* [What you should do]:
Reproduce the listing below exactly, beginning with its first line and ending with the line that holds "Once dark and"; pictures are not part of the copy.
::::
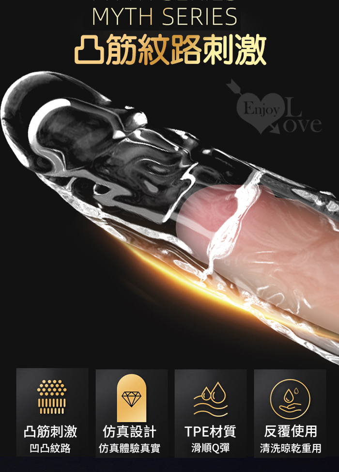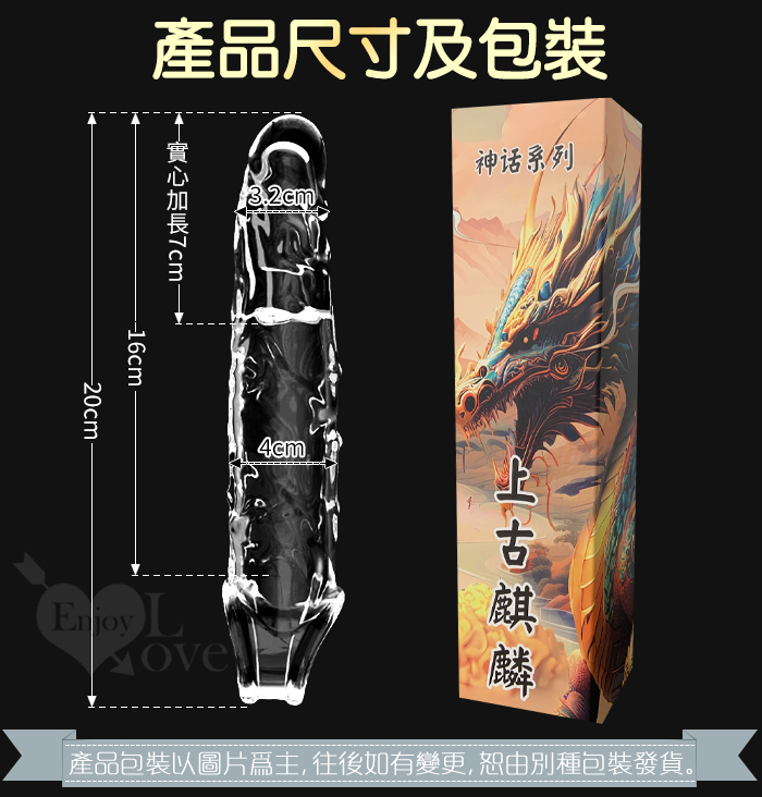 | 神話系列 麒麟 ‧ 凸筋紋路刺激 加長增粗猛男水晶套﹝前端實心加長7cm﹞
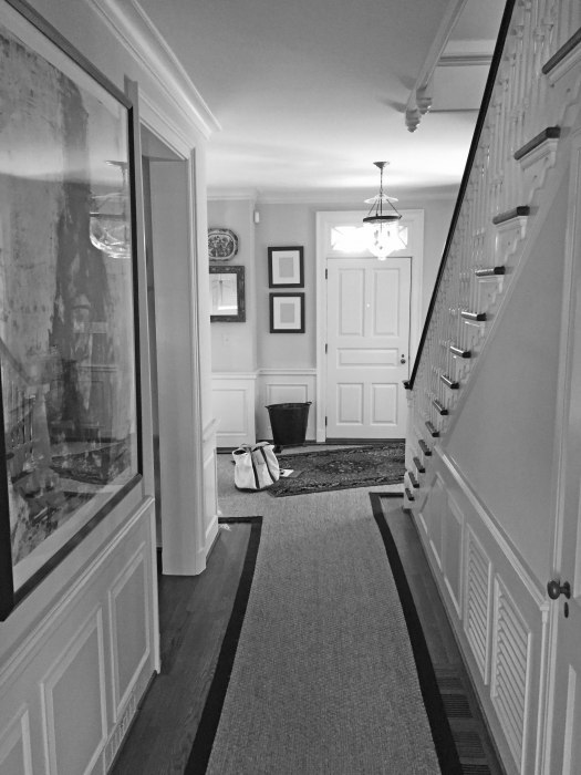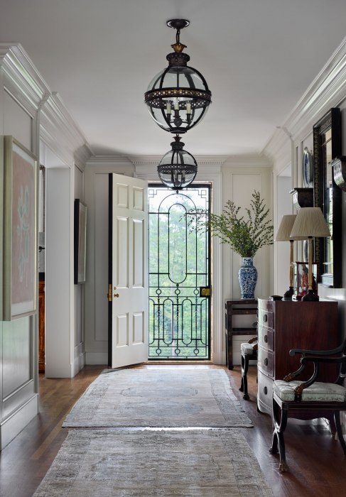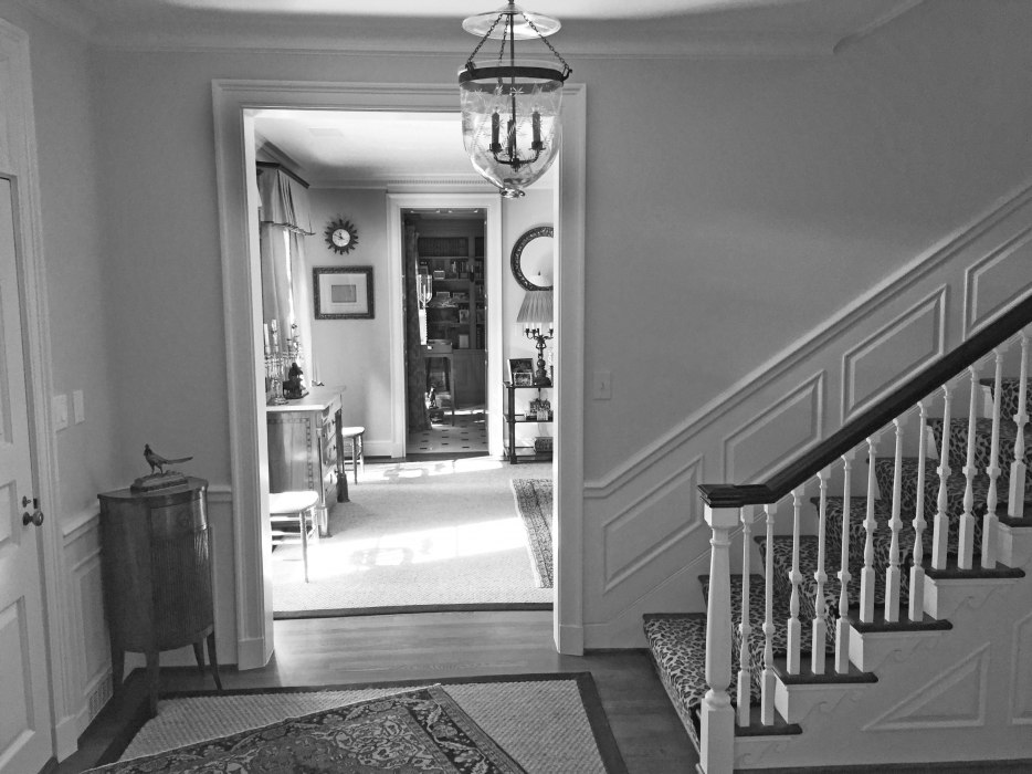 Once dark and confined, the entry hall is now open and appropriately scaled. With the staircase removed, the opening to the original sitting room was expanded. The new millwork in the entry hall echoes the grandeur of the sitting room’s formal trim.
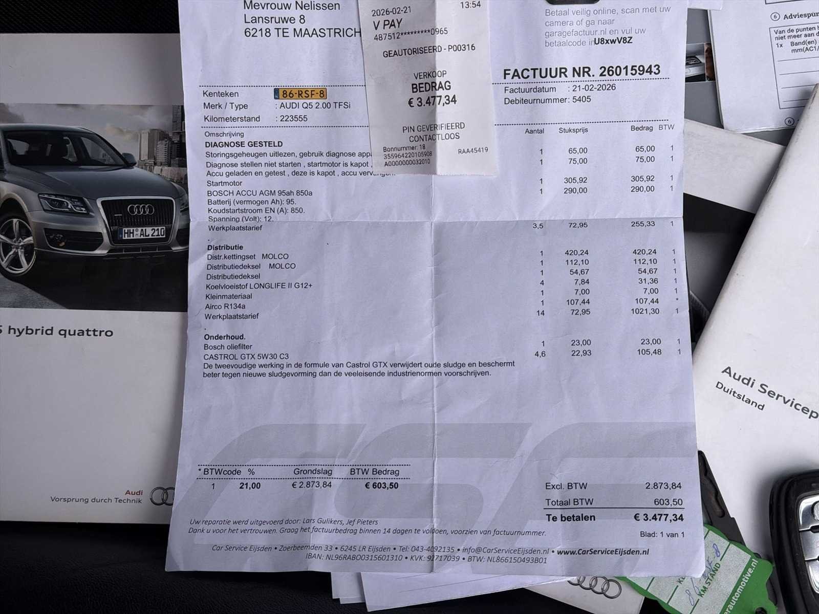 S-LINE | CRUISE | NAVI | BANG & OLUFSEN | STOELVERWARMMING Kenteken: 86-RSF-8 Merk: Audi Model: Q5 Type: 2.0 TFSI q. PL.S Bouwjaar: 2011 Afgelezen kilometerstand: 224667km Cilinderinhoud: 1984cc Vermogen (kW): 155kW Brandstof: Benzine Chassisnummer: WAUZZZ8R9CA009716 NAP status: Logisch Datum eerste toelating: 2011-07-15 APK vervaldatum: 2026-07-21 Vermogen (pk): 208hp Aandrijving: AWD Aantal zitplaatsen: 5 Maximaal trekgewicht ongeremd: 750kg Maximaal trekgewicht geremd: 2000kg Kleur: zwart Transmissie: Automaat Emissieklasse: 5 Aantal deuren: 4 Aantal sleutels: 2 Ledig gewicht: 1730kg Bruto BPM (NL): 15793€ Aantal cilinders: 4 Carrosserie: SUV Carfax Link: https://was.carfax.eu/v0/api/ccdid/5100016408/svc/201/vinreg/86RSF8/checksum/eyJhbGciOiJIUzI1NiIsInR5cCI6IkpXVCJ9.eyJleHAiOjE3ODA5ODk2ODV9.XolFMY-IdgmOvXAOaU9ssR3fYQH_RXsKvR3Q5njLjeY startinformatie : Start en rijdt Self drive export possible : true Airconditioning: true Navigatie: true Xenon verlichting: true LED-koplampen: false
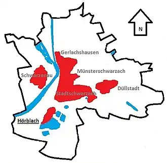![]() Lage von Hörblach (fett) innerhalb des Schwarzacher Gemeindegebietes
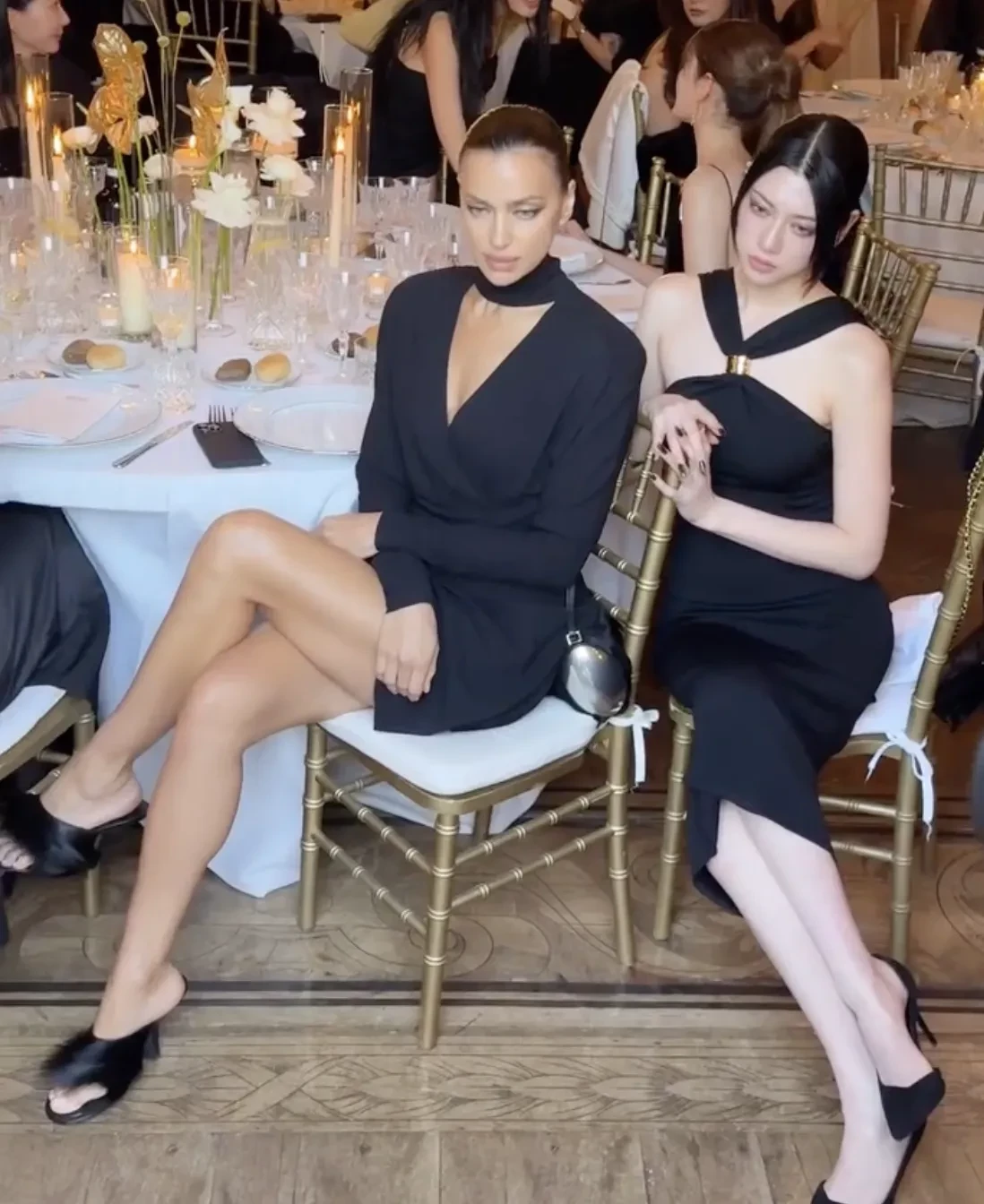 39-летняя Ирина позировала рядом с гостями в чёрном мини-платье и мюлях с мехом. Её образ дополнили сумка-багет и укладка с пучком. За столом Шейк сидела в компании представительницы бренда Яны Пак.
::::
* [Task result]:
 | 神話系列 麒麟 ‧ 凸筋紋路刺激 加長增粗猛男水晶套﹝前端實心加長7cm﹞
 Once dark and confined, the entry hall is now open and appropriately scaled. With the staircase removed, the opening to the original sitting room was expanded. The new millwork in the entry hall echoes the grandeur of the sitting room’s formal trim.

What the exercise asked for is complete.